Subcontracting. The commissioned NFPs will need clinicians to deliver the Allied Health therapy component of targeted supports. The Advisory Group report is clear that targeted supports should be delivered by professionals trained in disciplines such as occupational therapy, speech pathology, physiotherapy, podiatry, audiology and psychology. Many NFPs will subcontract to meet this need, particularly in areas where they lack workforce coverage. If your practice has documented clinical governance, competitive pricing and the ability to deliver where the NFP can't, this is a genuine pathway. Worth noting that DCJ's policy requires contracted providers to justify any for-profit subcontracting arrangements, so each arrangement needs approval rather than being automatic.
Exceptional circumstances. The EOI process explicitly allows for private providers where NFPs cannot deliver. Realistically, this means thin markets: remote and very remote areas where no NFP has workforce presence, or highly specialised services that are unavailable from NFPs. If that describes your practice, submit an EOI.
Diversification. If Thriving Kids reduces your early childhood caseload, the question is where your next revenue comes from. Support at Home, private fee-for-service, schools and NDIS segments that remain unaffected are all worth exploring.
Where this leaves us
The NSW Thriving Kids delivery model is confirmed. A few things worth taking away from this:
The decision to commission NFPs is structural DCJ procurement policy that has been in place for years. It applies across all DCJ-funded human services. Thriving Kids followed the playbook. Other states may take a different approach.

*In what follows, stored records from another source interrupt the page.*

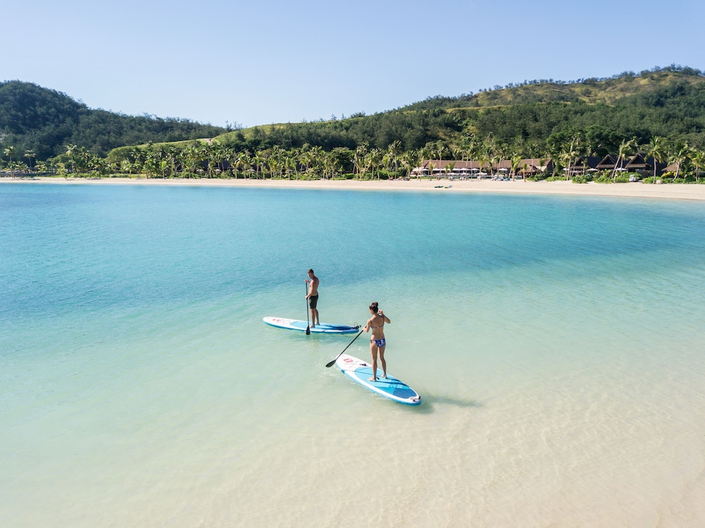 Indulgence extends to culinary delights, with three onsite restaurants offering regional cuisine and poolside dining, allowing you to savor delectable flavors against a backdrop of paradise. The 24-hour gym and a range of activities such as beach volleyball, water skiing, and sailing cater to those seeking active pursuits, while the serene outdoor pool and children’s pool provide a haven of relaxation. Six Senses Fiji also champions eco-conscious luxury, with individually furnished rooms featuring private pools and eco-friendly amenities, allowing you to revel in the lap of luxury while respecting the beauty of the environment.
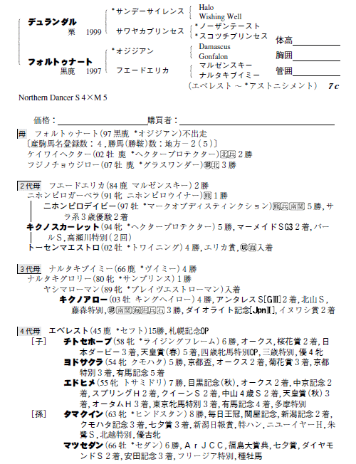 父デュランダル 母フォルトゥナート(母父オジジアン)
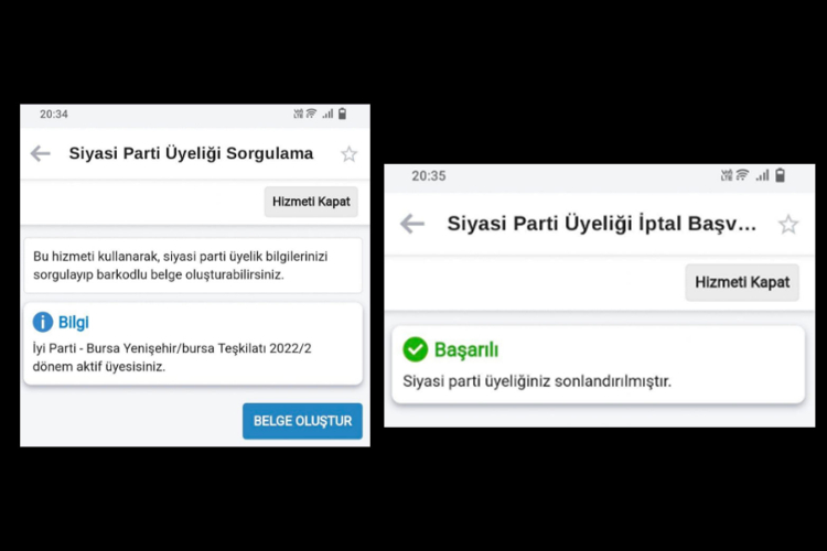 Zanbak ayrıca parti üyeliğinden istifa ettiğine dair E-Devlet hesabından aldığı görüntüleri de yayımladı.
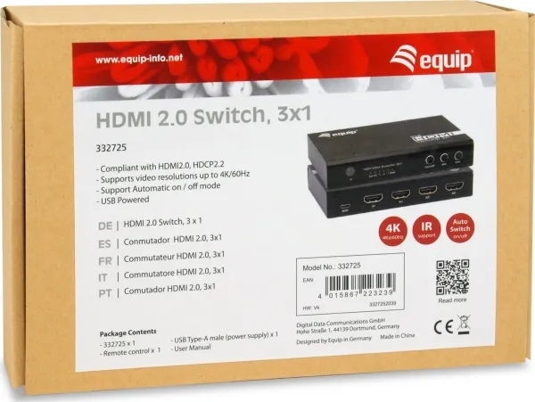 The Equip HDMI 2.0 Switch 3x1 makes it possible to change conveniently between 3 HDMI input sources (DVD/Blu-Ray Player, game consoles, streaming boxes/sticks, digital receivers...etc) via remote control, intelligent automatic recognition or alternatively by switching the switch itself. The hassle of reconnecting cables is a thing of the past. Thanks to Ultra HD 4K (60 Hz) support, experience your media content in brilliantly sharp resolution.
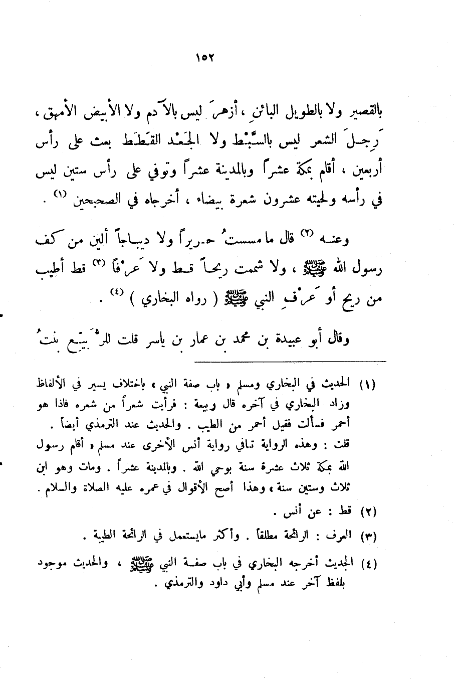 بالقصير ولا بالطويل البائن أزهر ليس بالآدم ولا الأبيض الأمهق رجل الشعر ليس بالسبط ولا الجعد القطط بعث على رأس أربعين أقام بمكة عشرا وبالمدينة عشرا وتوفي على رأس ستين ليس في رأسه ولحيته عشرون شعرة بيضاء أخرجاه في الصحيحين
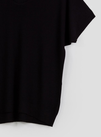 Maglia con maniche corte, scollo a V e profili a costine sottili. Il modello presenta fit regular, morbido e stretch. L'abbigliamento firmato Kontatto è pensato per soddisfare ogni esigenza della donna moderna. Al passo con le tendenze, il brand italiano propone capi pratici e giovanili.
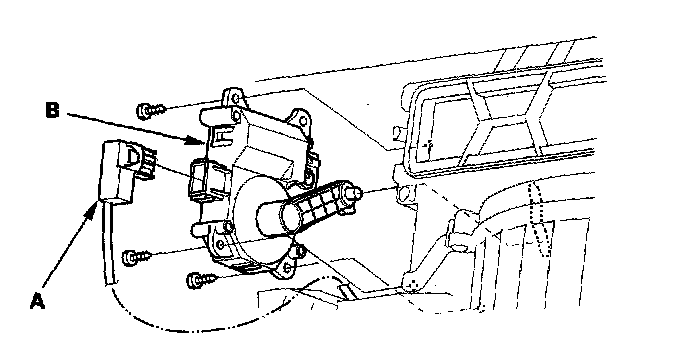 2. Disconnect the 5P connector (A) from the recirculation control motor (B). Remove the self-tapping screws and the recirculation control motor from the blower unit.

The frustration across the private practice community is understandable. Multiple pressures are converging and the compound effect is real. But the sector's advocacy response, led by anecdote and outrage rather than evidence, is not going to change procurement policy.
If the private practice sector wants a seat at the table, it needs to produce the data that proves its value, engage constructively with the NFPs that will hold these contracts and position for subcontracting, exceptional circumstances or diversification.
I'll be writing more about Allied Health advocacy as the year goes on, including what constructive engagement with reform actually looks like in practice.